# YOUR TASK:
Each line below from the line with "Rockyuが贈る、洗練され" to the line with "単純化すると戦闘で勝つには、" must be copied exactly, including those two, and no picture may appear in the copy.
----------
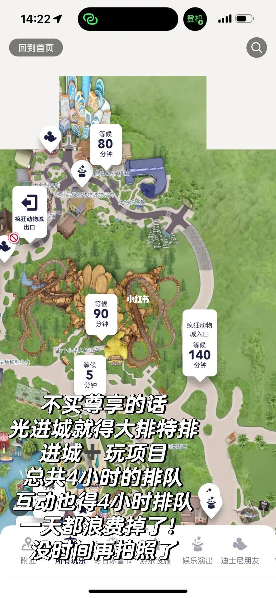 1️⃣进圆第一时间用迪士尼app绑定门票,绑定所有朋友成一个游玩组 2️⃣抢热力追踪的尊享卡(人多可能会买不到!) 3️⃣热力追踪的尊享卡会有规定时间,所以建议一入园就买,然后就可以按照上面的时间慢慢走到动物城丝滑入城! 4️⃣先不要着急玩热力追踪!没有玩热力追踪的话都是可以随意快速入城的! 5️⃣想拍照的,上午一入城就去排尼克朱迪互动!因为下午人太多,可能就截止排队了!!早上8.30尼克朱迪就上班了!我去的那天下午五点左右截止的,也有时候下午两三点就截止! 放寒假了迪士尼简直人从众!!! 所以建议大家都是买动物城的快通! 热力追踪的尊享卡是我在迪士尼花的最值得的180! 1.13入园人数💥多,懒人10点起床,11点才入园 当时进城排队已经120分钟了,果断买了速通 然后一进去就开始排互动…… 排了4小时终于见到朱迪尼克 拿出提前一天在全家买的吃的 一边排队一边解决午饭 排到后3分钟拥抱拍照然后就出城了(3pm) 😭这里建议提前和小伙伴彩排一下想拍什么样照片 我的小伙伴给我拍照没有对焦导致全部都是虚的 4小时啊!!!! 只能含泪购买188的乐拍通 工作人员会帮忙用手机拍视频和合照 这个不用担心! 互动结束后就在城里拍拍照, 拍完照片出去玩飞跃地平线和创 (或者其他你们喜欢的项目) 玩完5点左右就可以排下午的花车了 朱迪和尼克会开警车出来非常值得!! 看完朱迪尼克就可以去排小矮人矿车或者冲天抱抱龙 因为这会大家都在看花车,所以人会少一点 玩完差不多就黄昏了(6pm) 重新进园玩热力追踪,这会人是最多的 速通快去进入超级爽!! 不然大部分时间都要耗在动物城排队了!!
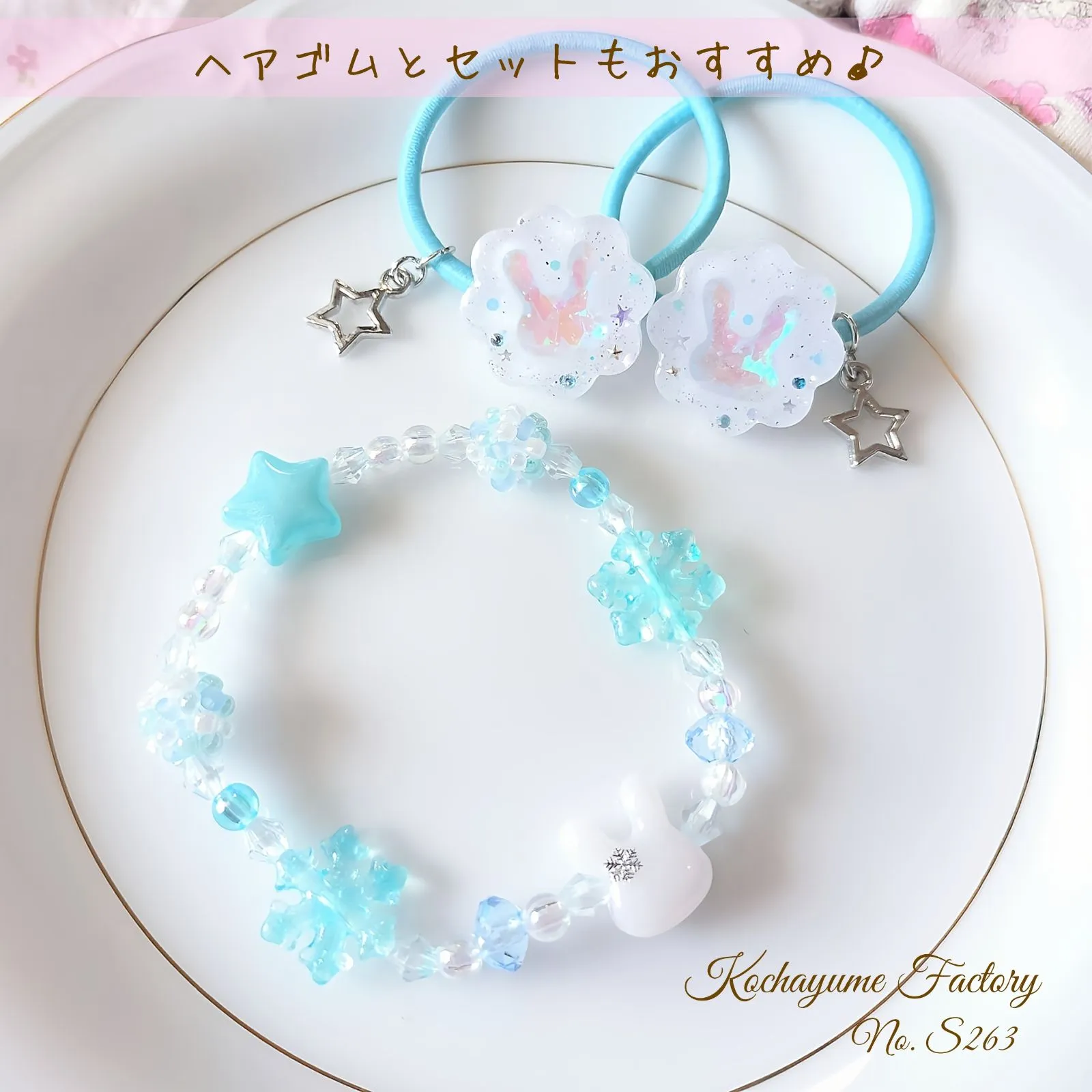 また、紹介画像にもありますが、こちらのブレスレットとお揃いのうさぎちゃんのキラキラヘアゴム(作品番号:H302)も販売しています♪
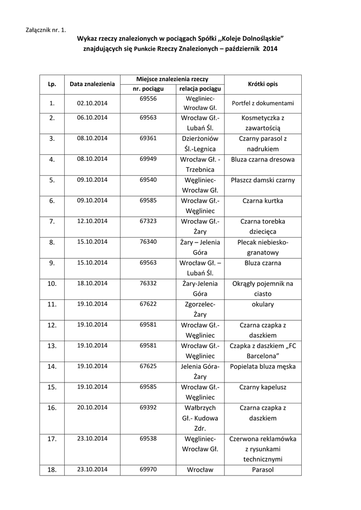 Załącznik nr. 1. Wykaz rzeczy znalezionych w pociągach Spółki ,,Koleje Dolnośląskie” znajdujących się Punkcie Rzeczy Znalezionych – październik 2014 Lp. Data znalezienia 1. 02.10.2014 2. 06.10.2014 Miejsce znalezienia rzeczy nr. pociągu relacja pociągu 69556 WęgliniecWrocław Gł. 69563 Wrocław Gł.- 3. 08.10.2014 69361 4. 08.10.2014 69949 5. 09.10.2014 69540 6. 09.10.2014 69585 7. 12.10.2014 67323 8. 15.10.2014 76340 9. 15.10.2014 69563 10. 18.10.2014 76332 11. 19.10.2014 67622 12. 19.10.2014 69581 13. 19.10.2014 69581 14. 19.10.2014 67625 15. 19.10.2014 69585 16. 20.10.2014 69392 17. 23.10.2014 69538 18. 23.10.2014 69970 Lubań Śl. Dzierżoniów Śl.-Legnica Wrocław Gł. Trzebnica WęgliniecWrocław Gł. Wrocław Gł.Węgliniec Wrocław Gł.Żary Żary – Jelenia Góra Wrocław Gł. – Lubań Śl. Żary-Jelenia Góra ZgorzelecŻary Wrocław Gł.Węgliniec Wrocław Gł.Węgliniec Jelenia GóraŻary Wrocław Gł.Węgliniec Wałbrzych Gł.- Kudowa Zdr. WęgliniecWrocław Gł. Wrocław Krótki opis Portfel z dokumentami Kosmetyczka z zawartością Czarny parasol z nadrukiem Bluza czarna dresowa Płaszcz damski czarny Czarna kurtka Czarna torebka dziecięca Plecak niebieskogranatowy Bluza czarna Okrągły pojemnik na ciasto okulary Czarna czapka z daszkiem Czapka z daszkiem „FC Barcelona” Popielata bluza męska Czarny kapelusz Czarna czapka z daszkiem Czerwona reklamówka z rysunkami technicznymi Parasol 19. 25.10.2014 69517 20. 25.10.2014 69517 21. 25.10.2014 69812 22. 26.10.2014 69581 23. 26.10.2014 69970 24. 27.10.2014 69801 25. 27.10.2014 69548 26. 28.10.2014 69565 27. 29.10.2014 69563 28. 31.10.2014 69567 29. 31.10.2014 69975 Nadodrze Trzebnica Wrocław Gł.Węgliniec Wrocław Gł.Węgliniec Dzierżoniów Śl.- Wrocław Gł. Wrocław Gł.Węgliniec TrzebnicaWrocław Nadodrze Wrocław Gł.Dzierżoniów Śl. WęgliniecWrocław Gł. Wrocław Gł.Węgliniec Wrocław Gł.Lubań Śl. Wrocław Gł.Lubań Śl. Wrocław N/OTrzebnica pomarańczowo-zielony Zaświadczenie o uczęszczaniu na studia Trzy plastikowe pojemniki Czarny portfel Brązowa sztruksowa czapka z daszkiem Klucze z brelokiem Czarna parasolka z napisem Plecak czarny Czarna czapka z daszkiem Reklamówka białozielona Czarna męska kurtka Tuba z dwoma plakatami
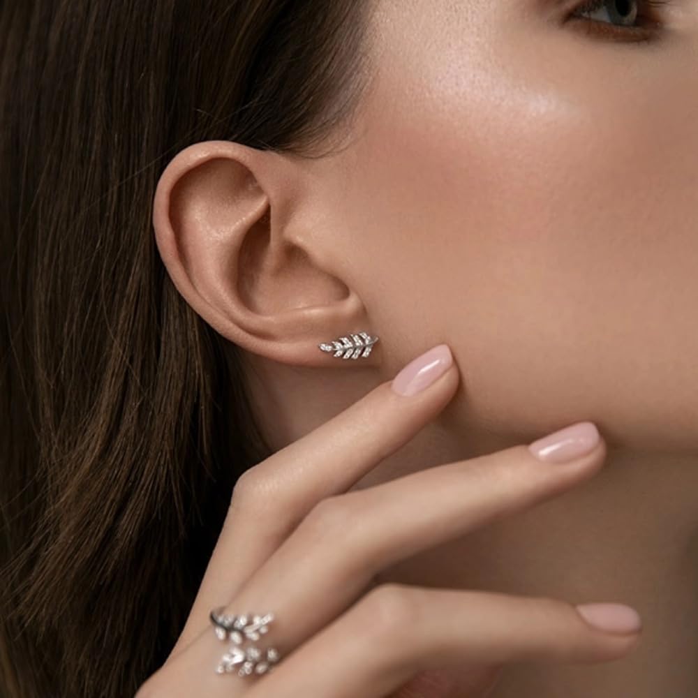Rockyuが贈る、洗練されたリーフモチーフのレディースピアス。シルバー925の上質な輝きに、ジルコンを贅沢にあしらったデザインが耳元を華やかに彩ります。自然の葉を思わせる繊細なフォルムは、横顔をより女性らしく引き立て、シンプルながらも高級感を感じさせる仕上がり。普段のコーディネートにはもちろん、特別な日の装いにもマッチし、幅広いシーンで活躍します。スタッドタイプで安定した着け心地を実現し、軽やかで長時間でも快適。誕生日やクリスマスのギフトにも喜ばれる逸品です。Rockyuのピアスで、あなたの日常に自然な輝きをプラスしてみませんか。
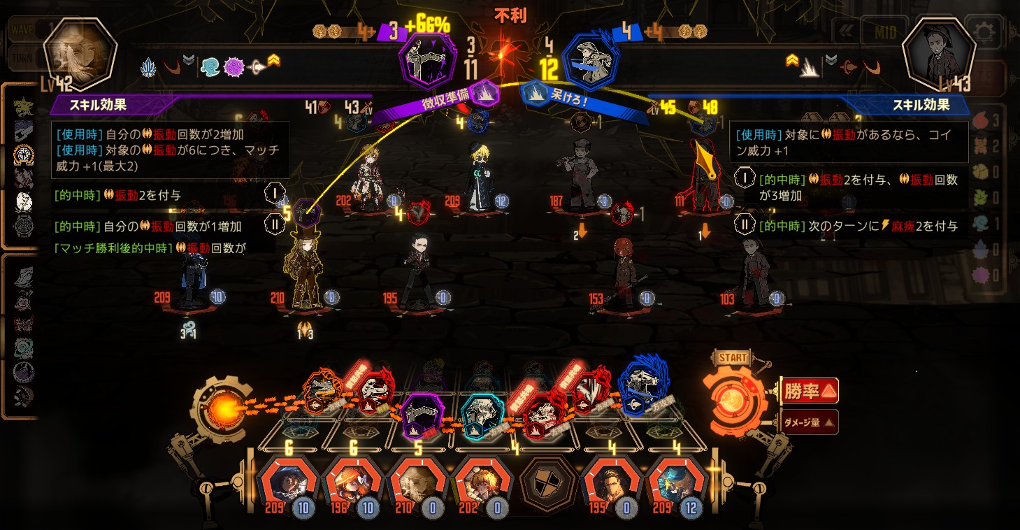 単純化すると戦闘で勝つには、コインのオモテ面をより多く出せる状態で戦うことが重要になります。
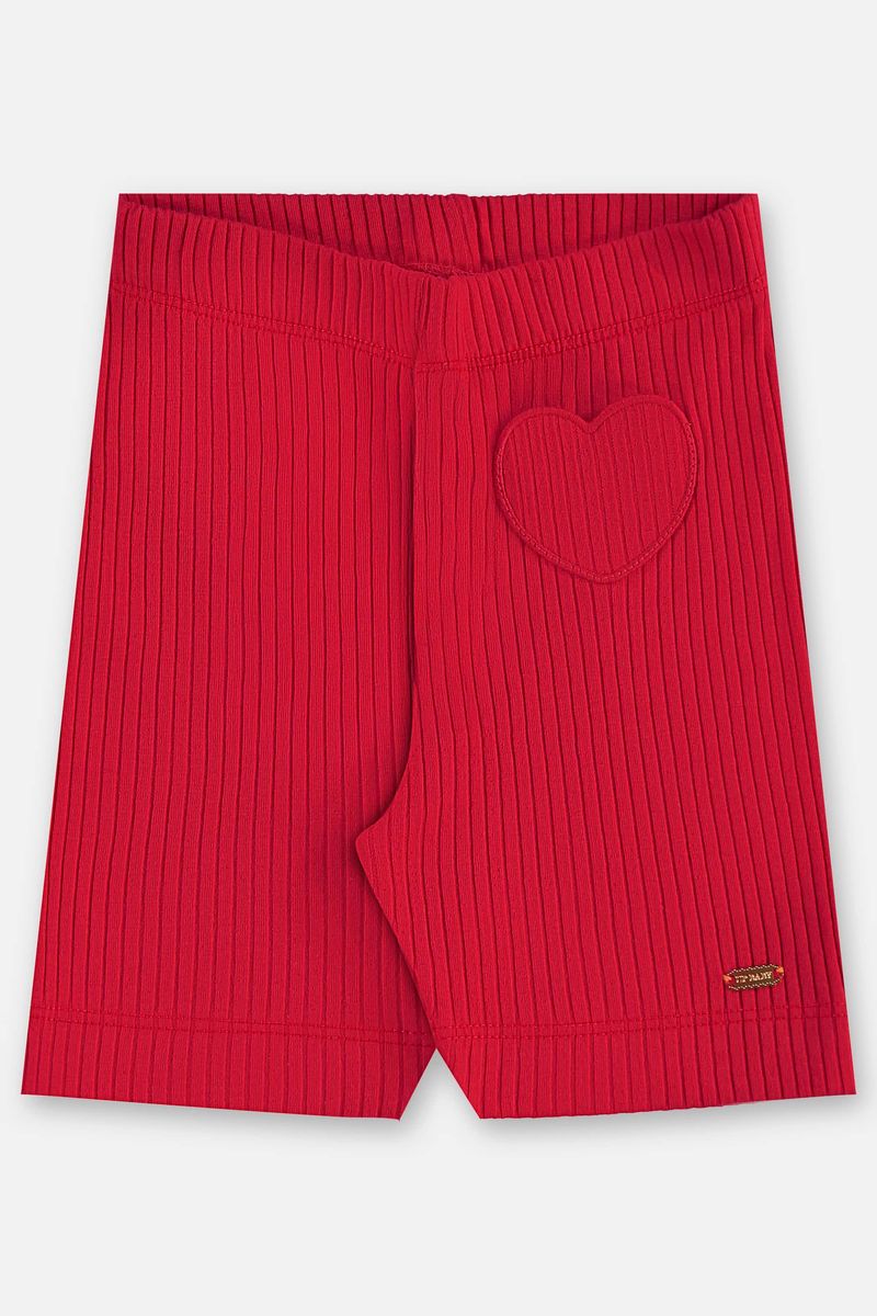 Bermuda infantil para menina, confeccionada em ribana canelada com toque macio e confortável. Possui elástico na cintura para melhor ajuste, acabamento reforçado e bolsinho funcional em formato de coração, que traz um charme extra à peça. Destaque para a plaquinha metálica decorativa que valoriza o design. Disponível em cores vibrantes e clássicas, perfeita para o dia a dia das meninas.
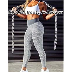 RIOJOY Women’s High Waist Leggings 3D Mesh Knitted Ruched Butt Lifting Honeycomb Yoga Pants, S, Grey
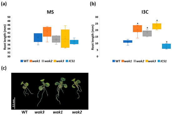 ICS1ami0 (WAK1, WAK2, and WAK3) were tolerant to I3C, as exhibited by longer roots than the wild-type when grown on 500 µM I3C (
----------
# ANSWER SPACE:
Rockyuが贈る、洗練されたリーフモチーフのレディースピアス。シルバー925の上質な輝きに、ジルコンを贅沢にあしらったデザインが耳元を華やかに彩ります。自然の葉を思わせる繊細なフォルムは、横顔をより女性らしく引き立て、シンプルながらも高級感を感じさせる仕上がり。普段のコーディネートにはもちろん、特別な日の装いにもマッチし、幅広いシーンで活躍します。スタッドタイプで安定した着け心地を実現し、軽やかで長時間でも快適。誕生日やクリスマスのギフトにも喜ばれる逸品です。Rockyuのピアスで、あなたの日常に自然な輝きをプラスしてみませんか。
 単純化すると戦闘で勝つには、コインのオモテ面をより多く出せる状態で戦うことが重要になります。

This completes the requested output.